Iranian retaliation would be inevitable, and escalation very likely. It strikes me as shamelessly ironic that the likes of our current ambassador at the U.N., Zalmay Khalilizad, one of the architects of U.S. policy toward the area, are now warning publicly that the current upheaval in the Middle East could bring another world war.
The Public Buildup
Col. Pat Lang (USA, ret.), as usual, puts it succinctly:
"Careful attention to the content of the chatter on the 24/7 news channels reveals a willingness to accept the idea that it is not possible to resolve differences with Iran through diplomacy. Network anchors are increasingly accepting or voicing such views. Are we supposed to believe that this is serendipitous?"

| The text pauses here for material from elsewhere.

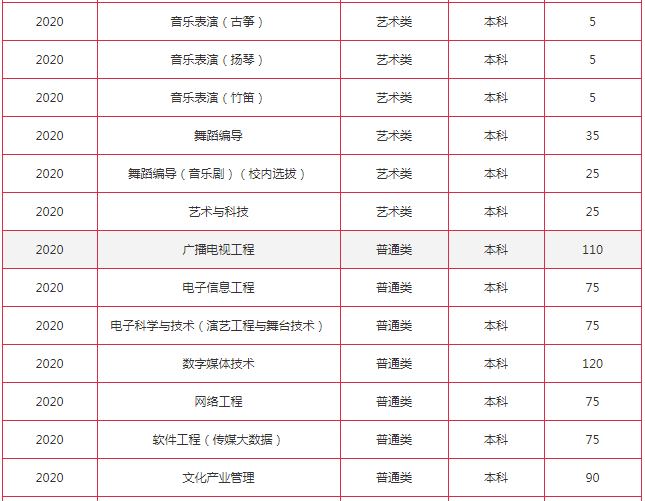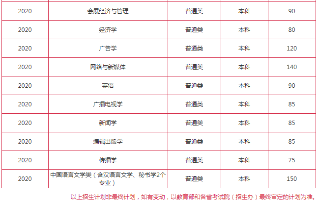 2020浙江传媒学院招生计划

And not only that. It is as if Scooter Libby were back writing lead editorials for the Washington Post, the Pravda of this administration. The Post's lead editorial on Aug. 21 regurgitated the allegations that Iran's Revolutionary Guard Corps is "supplying the weapons that are killing a growing number of American soldiers in Iraq;" that it is "waging war against the United States and trying to kill as many American soldiers as possible." Designating Iran a "specially designated global terrorist" organization, said the Post, "seems to be the least the United States should be doing, giving the soaring number of Iranian-sponsored bomb attacks in Iraq."
As for the news side of the Post, which is widely perceived as a bit freer from White House influence, its writers are hardly immune. For example, they know how many times the draft National Intelligence Estimate on Iran's nuclear program has been sent back for redrafting... and they know why. Have they been told not to write the story?
For good measure, the indomitable arch-neocon James Woolsey has again entered the fray. He was trotted out on August 14 to tell Lou Dobbs that the U.S. may have no choice but to bomb Iran in order to halt its nuclear weapons program. Woolsey, who has described himself as the "anchor of the Presbyterian wing of the Jewish Institute for National Security Affairs," knows what will scare. To Dobbs: "I'm afraid within, well, at worst, a few months; at best, a few years; they [Iran] could have the bomb."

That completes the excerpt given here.